LANSING -- Just off W. St. Joseph in Lansing, inside an unassuming, red-brick building -- is where the state auctions off thousands of confiscated or lost items.
Books, office chairs, even diapers.
And a big-ticket item -- guns, confiscated by the Department of Natural Resources and sold to Michiganders.
"The next step is that the guns go up for auction on our Internet-auction site," which is called MI Bid, says Kristi Thompson, director of the state's Surplus Services building.
24 rifles and shotguns are currently up for sale on the site, ranging from about $100 to $1,000 in price.
And because the state doesn't require a license for a long gun, if your bid wins, you show up at Surplus Services with ID, sign an affidavit and take your prize home.
"We don't do any type of a background check on the individuals," Thompson says.
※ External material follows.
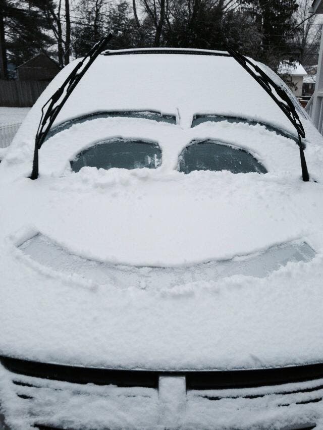 We asked for your wintry photos, and one person delivered—a big smile made out of snow on a car.

But for those leery about the state being in the gun business, Thompson notes these are hunting firearms and points out the process isn't much different from what you'd see at a rifle store -- other than that these guns come at a discount.
The legislature doesn't seem to mind, either.
"It's just one more element in helping to pay for the public safety protection that we have in our communities," says state Rep. Mark Meadows, D-East Lansing.
He notes these auctions bring in thousands of dollars a month -- money that either goes into the state's coffer, or back to the law-enforcement agencies that confiscated the goods.
In fact, Meadows has introduced a bill to change the law, allowing law enforcement to the keep the firearms, instead of selling or destroying them.
He expects it to pass the House soon.